Public transport efficiency analyses have focused both on developing methods for assessing system performance and on using performance findings to make different policy recommendations. According to the criterion of classification scheme “adopted approach”, we found that most studies reviewed are based on the DEA approach or to a lower percentage the SFA approach. There is a lack of comparative studies that adopt a mixed approach (DEA and SFA), despite of the robustness of its results. The only exception is the study of Margari et al. (2007) and Karlaftis and Tsamboulas (2012), which implements the DEA-SFA mixed approach proposed by Fried et al. (2002). Thus, using a mixed approach (DEA-SFA) or the application of a comparative perspective to assess the efficiency of public transport is more robust.

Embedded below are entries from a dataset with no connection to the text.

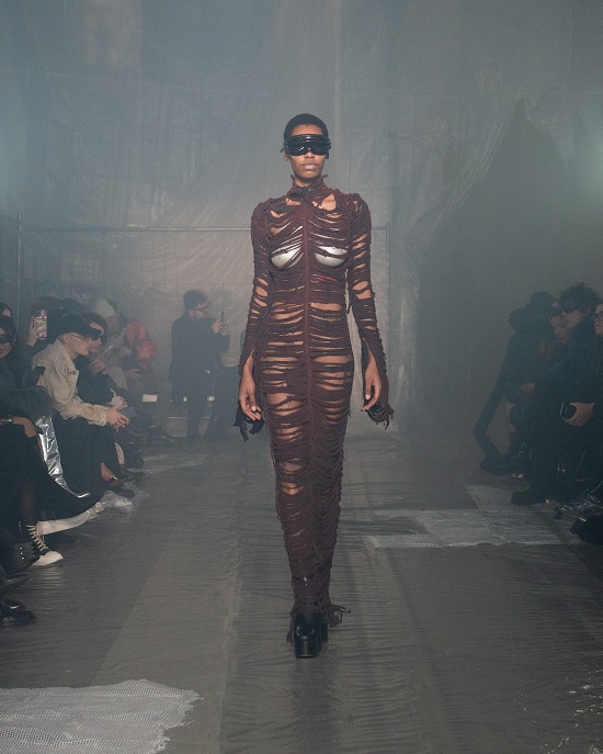 • 한 코펜하겐이 소개하는 ‘Chthonic Penumbra’ 컬렉션은 한 장르를 정의한 게임의 어두운 모퉁이에서 잉태된 예술적 비전이다. 컬렉션의 디자인은 수작업으로 가공한 인조 모피, 비건 레더, 깃털 소재를 활용하고, 회색과 검은색이 주를 이루는 색조에 흰색과 진주, 크롬과 같은 좀더 부드러운 요소를 더했다. 드라마틱한 쇼케이스는 "아름다운 곳으로서의 지옥"의 이미지를 떠올리게 하는 것을 의도하여 준비됐다.
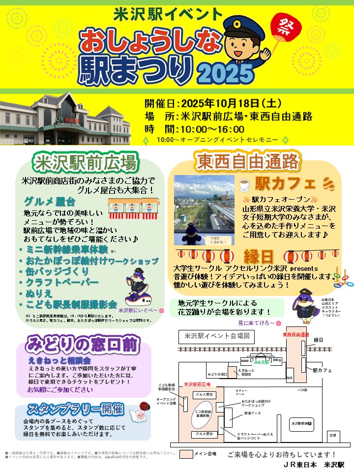 日頃より米沢駅をご利用いただいているお客さま、そして地域の皆さまへの感謝の気持ちを込めて、米沢駅社員が心を込めて企画いたしました。縁日やグルメ屋台、ミニ新幹線など、家族で楽しめる企画が盛りだくさんですのでぜひお越しください。
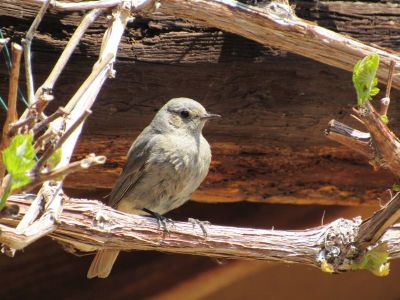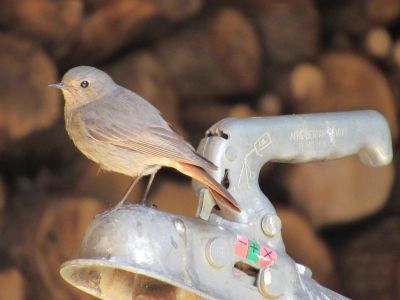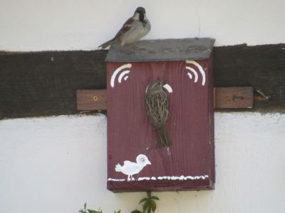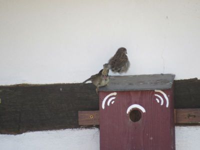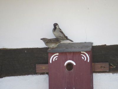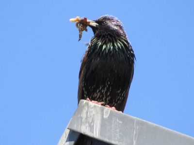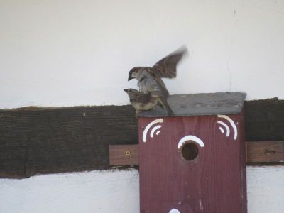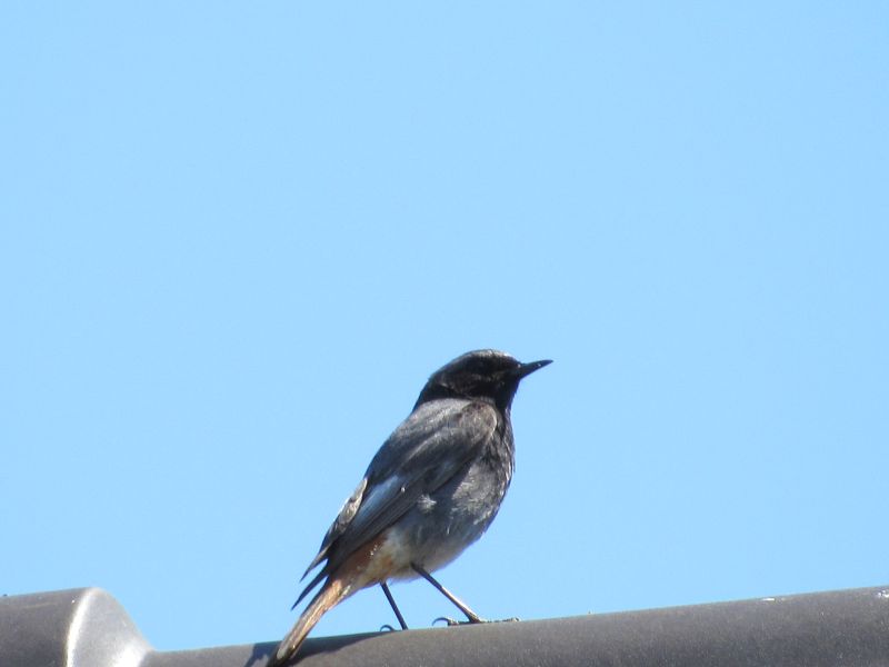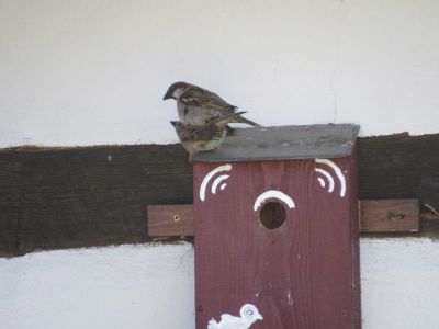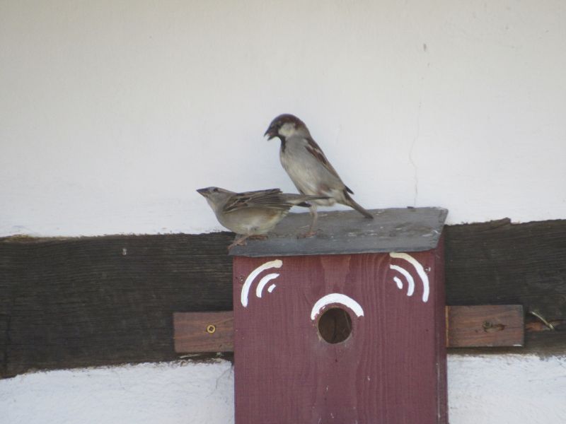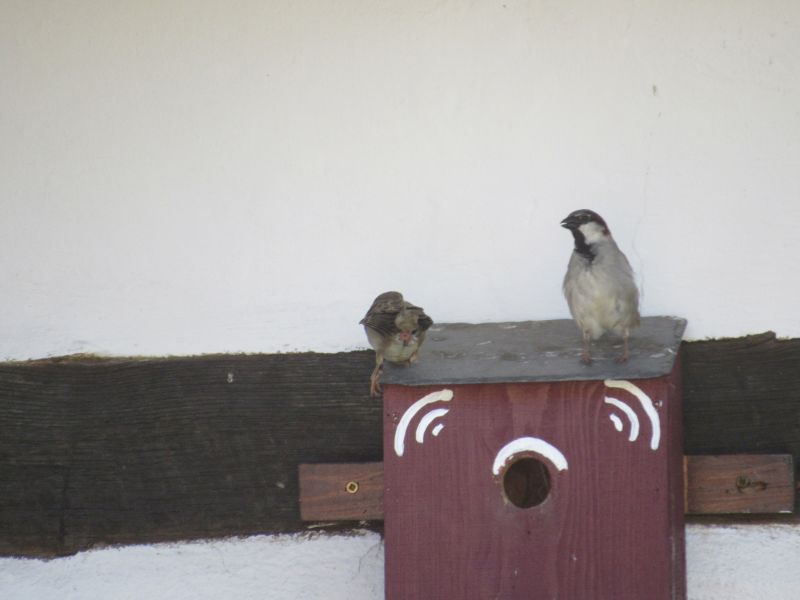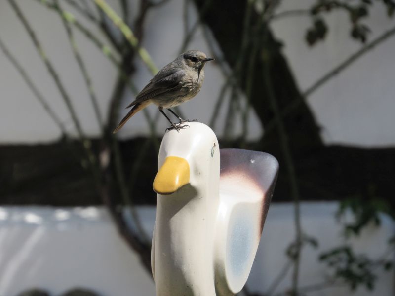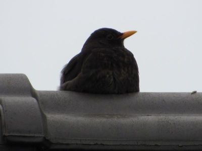 Die Amsel liegt oben auf dem Dachfirst, und bewacht alles, weil seine „Frau“ im Hof brütet.

After measuring the efficiency of public transport operators, it is interesting to explain the sources of inefficiency. They are under the control of the firm or outside of its control such as regulations of the authorities? The use of variables under the control of the firm is more robust to explain the determinants of inefficiency, such as the investment on new technologies and new equipments for the operating cycle, the operating income and the firm size. Tariffs and benefits are fundamental to the public transport activities, because they are a major source of revenue (Paulley et al. 2006). The technical efficiency can be affected by the financial resources availability; more exactly, once a firm cannot have access to external financial resources, then it has an incentive to improve its technical efficiency over time to guarantee positive profits and gains in productivity Sena (2006). Indeed, it is reasonable to think that the availability of resources can affect the efficiency of the productive process. Therefore, with the operating income, transport operators can improve the quality of services and indeed improvement of efficiency. The operating income constitutes an internal financing source for the investments related in the productive activities for firm. The operating income can be considered a determinant of transport operators’ inefficiency. Moreover, we can consider that the investment is an important source of efficiency (see Ahern and Anandarajah 2007). Cowie (2002) affirmed that the improvement of company efficiency may be from a number of sources such as improved working practices, better management of operations and increased investment. In addition, Lun and Quaddus (2011) have examined the effect of firm size on the firm efficiency and performance. They have shown that the firm size has a relatively positive effect on efficiency and it is a determinant of output growth.

Another interesting topic related to transport efficiency has been that of examining differences in efficiency and productivity for bus systems in periods before and after regulatory reform (usually this regulatory reform was privatisation), or the comparison of privately and publicly operated transport systems.

The literature review on the field of public transport highlights that there is no previous research paper that introduces the effect of CEOs’ psychological bias on the explanation of efficiency. In the transport literature, the implications of the emergence of behavioural economics and behavioural finance are ignored. These areas consider the managerial psychological bias and especially the overconfidence or optimism as powerful factors that can explain many firms’ decisions and policies. It will be an interesting way to initiate an open and original debate: can managerial optimism and others psychological and emotional bias affect the transport’s operators’ efficiency? If the answer will be positive, so it will be time to discuss the effect of corporate governance mechanisms’ effect on the operators’ efficiency. It will be an attractive approach to jointly analysis the impact of such variables in this field.